Cuneiform Text Dialect Identification Using Machine Learning Algorithms and Natural Language Processing (NLP)
DOI:
https://doi.org/10.31987/ijict.7.2.265Keywords:
Cuneiform, unigram, CLI, Over-sampling, SVM, RF, DT, KNN, DNN.Abstract
Due to a lack of resources and the tokenization issue, it is challenging to identify the languages inscribed in cuneiform symbols. Sumerian and six dialects of the Akkadian language-Old Babylonian, Middle Babylonian Peripheral, Standard Babylonian, Neo-Babylonian, Late Babylonian, and Neo-Assyrian-are among the seven languages and dialects written in cuneiform that need to be identified. This problem is addressed by the Cuneiform Language Identification task in VarDial 2019. This paper presents ten machine learning algorithms derived from four types of machine learning that were used (supervised, ensemble, instance-based, and Artificial Neural Network) learnings.
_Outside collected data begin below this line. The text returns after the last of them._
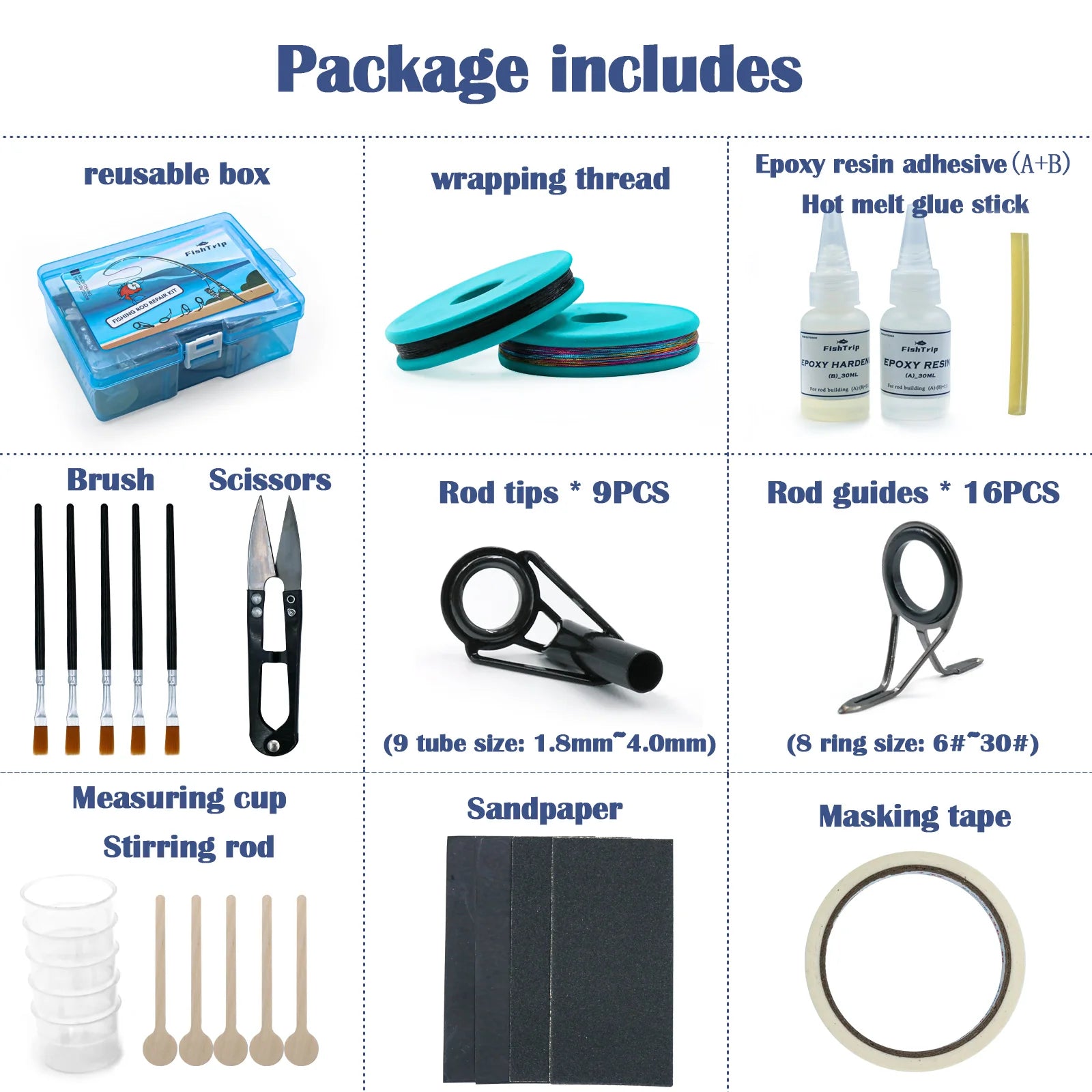 Easy to install and storage: To make it easier for you to repair your rod, we have Equipped epoxy resin adhesive, black wrapping thread, brush, scissors, tape, sandpaper, hot melt stick for you. You can successfully repair your fishing rod with one purchase.
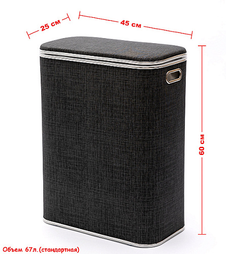 Можно использовать как пуфик или стульчик. Выдерживает вес до 100 кг. Плавное закрывание крышки. Внутри корзин съемный мешок, который легко стирается. Дополнительная вентиляции за счет отверстий ручек и вентиляционной решетки на днище корзины. Материал Экокожа долговечен, не имеет запаха, легок в уходе Собственное производство, со строжайшим контролем качества! Гарантия производителя 2 года.
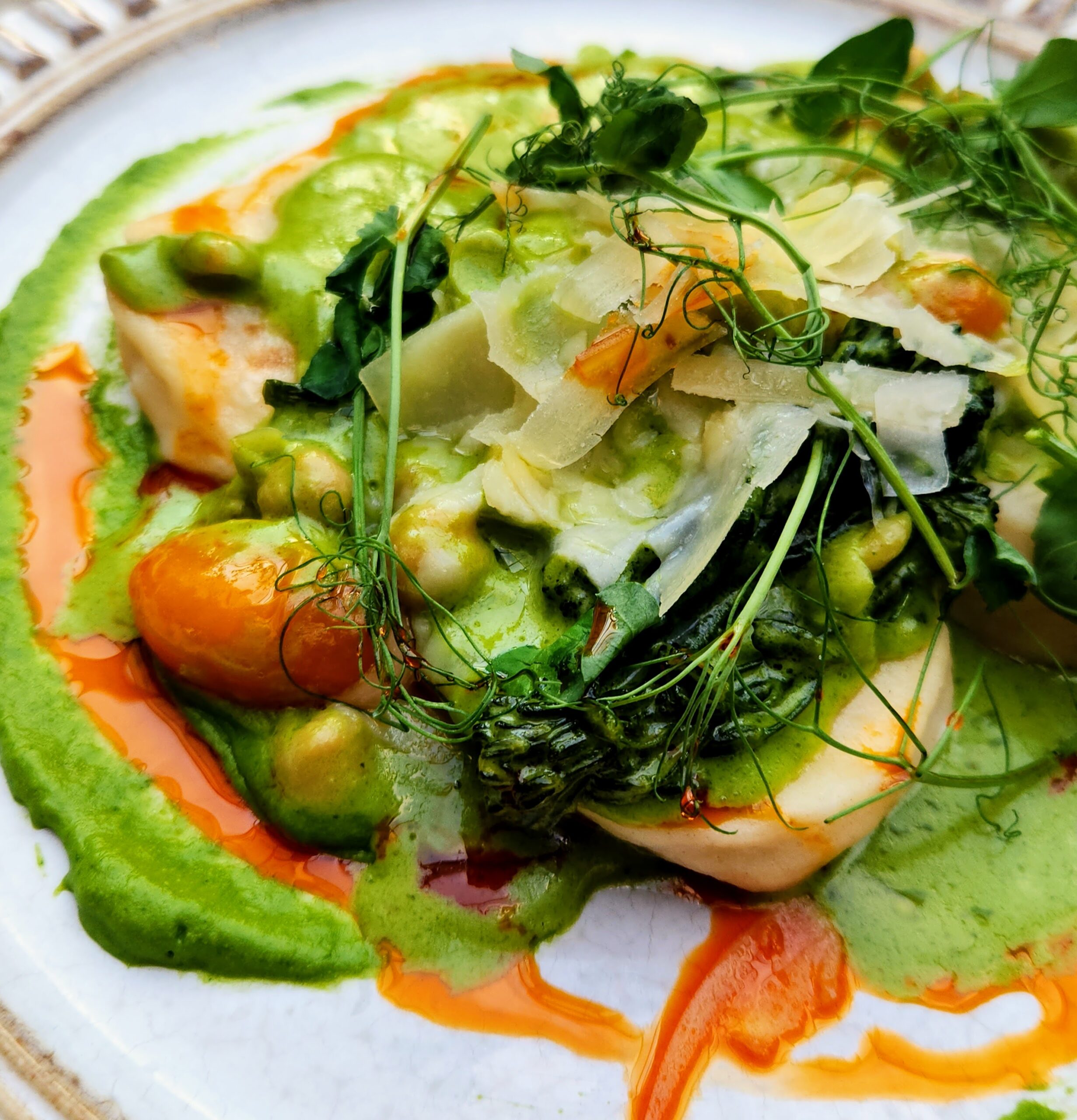 Although seafood takes center stage in many of the menu selections, the coastal Mediterranean influence adds a unique flair to the dishes. The shareable pastas offer several delectable options. The Morcilla Mezzaluna consists of pasta pillows filled with house-made morcilla sausage and cantar de Covadonga creme, topped with pignoli and crispy Brussels sprout shavings. The airy pockets encapsulate all the ingredients for a perfect bite. Scallion pesto, charred broccolini and blistered tomatoes adorn the Ricotta Gnudi plate, adding visual appeal to the lighter pasta option.
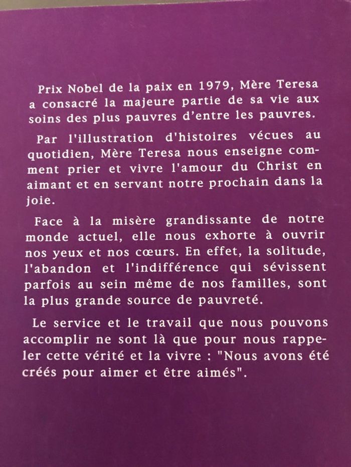 Livre L’hymne au service de mère Teresa
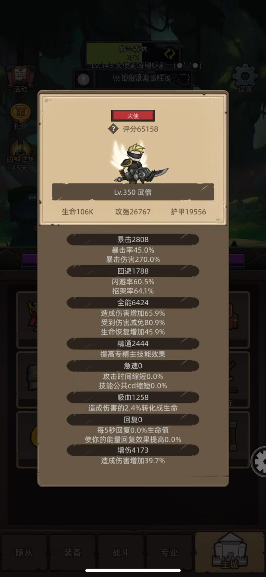 #异世界勇者 #武僧 #酒仙专精 目前大部分玩家对于武僧武道比较头疼吧,这里我(一个爱收菜的小白)想说的是酒仙比较稳,希望挂机的话不妨试试酒仙咯,酒仙AOE伤害稳定。我对于酒仙理解是穿2+2,暴击5+ 5%生命护甲攻强配合残影打输出,被动残影和酒仙蓝武必带。核心输出点就是残影出现复制技能。其他在保证稳定自动史诗3的前提下进行加减,站不住就多点吸血属性或者武器换成格挡,项链换成释放技能百分比回
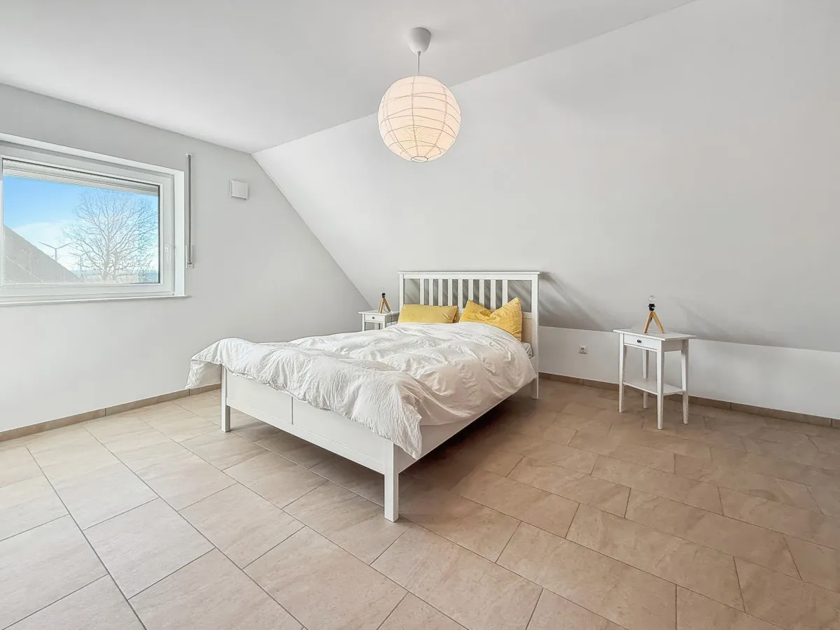 Aufteilung: EG: Diele, Abstellraum, Licht durchflutetes Wohn/Esszimmer mit offener Küche, Schlafzimmer, exklusives Badezimmer mit großer, bodentiefer Dusche, sonnige Terrasse und herrlich pflegeleichter Garten. Im 1.OG: Flur, Schlafzimmer, großzügiges Badezimmer mit begehbarer Dusche, schönes Kinder/Gästezimmer.
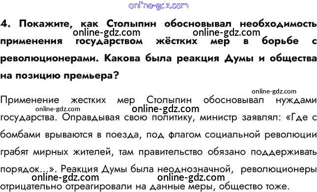 Готовые домашние задания по Истории за 11 класс Учебник Загладин, Петров Инновационная школа Базовый уровень 2014 - Вопросы и задания §6. Третьеиюньская монархия и реформы П.А. Столыпина 4
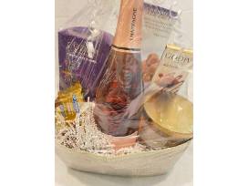 Enjoy a sweet treat consisting of Champagne, Godiva Chocolate Domes, Godiva Masterpieces, Belgian Chocolate Sea Salt Carmel Thins, Ghiradeli Carmel Milk Chocolate, and a Sugar + Sweet Soy Blend Candle. *Local Pick Up Only, 21+ Only*
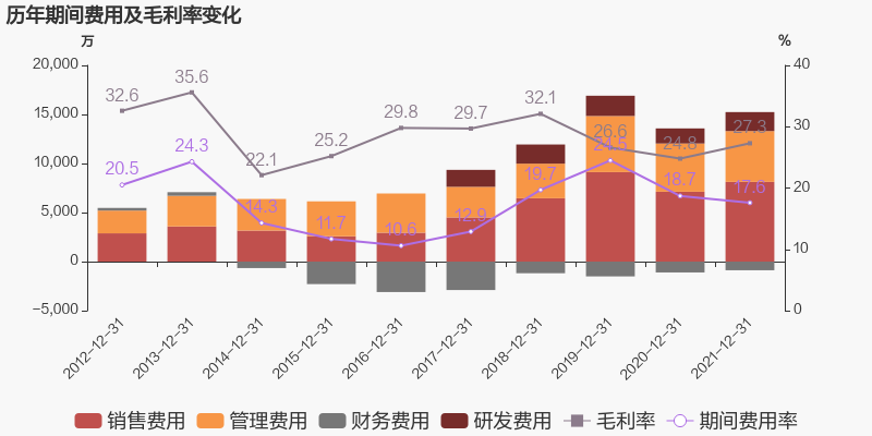 公司2021年营业成本5.9亿,同比增长18.3%,低于营业收入22.4%的增速,导致毛利率上升2.5%。期间费用率为17.6%,较去年下降1.1%。经营性现金流大幅下降81.2%至1185.5万。

The Support Vector Machine (SVM), Na Bayes (NB), Logistic Regression (LR), and Decision Tree (DT) algorithms within supervised learning, the K-Nearest Neighbors algorithm (KNN) within instance- based learning, the Random Forest (RF), Adaptive Boosting (Adaboost), Extreme Gradient Boosting (XGBoost), and Gradient Boosting (GB) algorithms within ensemble learning. Also, one of the natural language processing algorithms, n-gram, is used to identify the cuneiform dialect. The best result belongs to an ensemble of Random Forest classifiers working on character-level features with a macro averaged F1 score of 96%, and the best outcome for the n-grams algorithm is 0.82% of di-gram.